Water plays an important role in agriculture, health

and combating poverty, therefore it can be deduced

that it is essential for the full enjoyment of the right

to life. Hence, in Agenda 21 of the 1992 United

Nations Conference on Environment and

Development (UNCED), World Water day was

formally proposed. 

In recognition of the importance of peaceful and

sustainable management and use of water resources,

2013 was declared as the International Year of Water

Cooperation (IYWC) with the aim of achieving the

UN’s Millennium Declaration Goal of “halving by the

year 2015, the proportion of people who are unable

to reach, or to afford safe drinking water.”

Similarly, the United Nations General Assembly

declared 2018-2028 as the International Decade for

Action - “Water for Sustainable Development”-

to achieve agreed upon water-related goals and targets. 

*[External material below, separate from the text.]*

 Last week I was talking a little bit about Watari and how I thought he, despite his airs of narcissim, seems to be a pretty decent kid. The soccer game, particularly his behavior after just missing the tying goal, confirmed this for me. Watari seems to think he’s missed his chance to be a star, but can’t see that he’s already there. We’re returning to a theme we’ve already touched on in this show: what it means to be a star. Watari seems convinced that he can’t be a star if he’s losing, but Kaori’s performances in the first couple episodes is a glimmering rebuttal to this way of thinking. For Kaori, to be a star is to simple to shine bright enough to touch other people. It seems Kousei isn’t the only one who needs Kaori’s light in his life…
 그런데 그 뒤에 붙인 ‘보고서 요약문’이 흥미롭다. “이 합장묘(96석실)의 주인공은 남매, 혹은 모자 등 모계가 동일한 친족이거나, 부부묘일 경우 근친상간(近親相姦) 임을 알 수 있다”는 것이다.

World Water Day, observed on the 22nd of March, highlights the need in ensuring equitable access to water, hygiene facilities and sanitation globally. It is important to highlight that the human right to water is essential to the realization of all human rights. This indicates that the provision of water and sanitation services are essential to ensuring poverty reduction, sustainable economic growth and human development. 

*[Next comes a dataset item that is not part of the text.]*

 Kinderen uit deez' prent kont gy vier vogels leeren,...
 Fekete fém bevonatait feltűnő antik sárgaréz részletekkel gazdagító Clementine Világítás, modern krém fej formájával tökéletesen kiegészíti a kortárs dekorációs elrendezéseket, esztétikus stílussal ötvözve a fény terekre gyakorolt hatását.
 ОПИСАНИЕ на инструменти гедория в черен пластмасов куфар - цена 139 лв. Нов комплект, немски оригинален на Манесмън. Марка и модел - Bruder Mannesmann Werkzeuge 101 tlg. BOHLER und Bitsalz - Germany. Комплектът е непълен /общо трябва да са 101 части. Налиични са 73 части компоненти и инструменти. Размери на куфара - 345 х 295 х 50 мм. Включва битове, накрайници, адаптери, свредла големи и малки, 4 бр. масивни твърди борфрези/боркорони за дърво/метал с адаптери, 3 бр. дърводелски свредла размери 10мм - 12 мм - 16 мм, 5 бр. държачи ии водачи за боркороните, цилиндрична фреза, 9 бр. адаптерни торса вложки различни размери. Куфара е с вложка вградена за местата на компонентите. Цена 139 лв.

According to the United Nations Global Report on Water Resources Development, 3.6 billion people in the world, approximately half of the world's population, live in areas where the population suffer water scarcity, at least once a month annually.


Moreover, due to various factors, including rapid population growth, migration, economic development and transformed consumption patterns, a water crisis is inevitable with the insurmountable stress placed on fresh water sources resulting in a physical scarcity of water and a shortage of safe drinking water. 


Therefore, World Water Day provides the opportunity to raise public awareness on the link between social well-being and environmental health, critical water-related matters and inspire action. 


Within that context, the Geneva Institute for Human Rights highly appreciates the great efforts and initiatives of various humanitarian organizations in providing water and sanitation services in rural areas, such as UNICEF. 


On this day, the Institute stresses on the importance of the active participation of all key parties in national and international society to ensure the better management of water through the implementation of water saving techniques and strategies including drip irrigation and regulated deficit irrigation for regions with limited water resources. 


Furthermore, acknowledging that fundamental human rights including the right to life and the right to health are heavily dependent on the provision of water that meets basic human needs in terms of quality and quantity, the Institute urges states to ensure the reflection of the human right to water in national and international legal obligations and responsibilities. 


Finally, the Geneva Institute for Human Rights appeals to those in charge of managing the Nile Basin, in particular the States of Ethiopia, Sudan and Egypt, to prioritize the sustainable socio-economic development through the equitable utilization of the Nile water resources.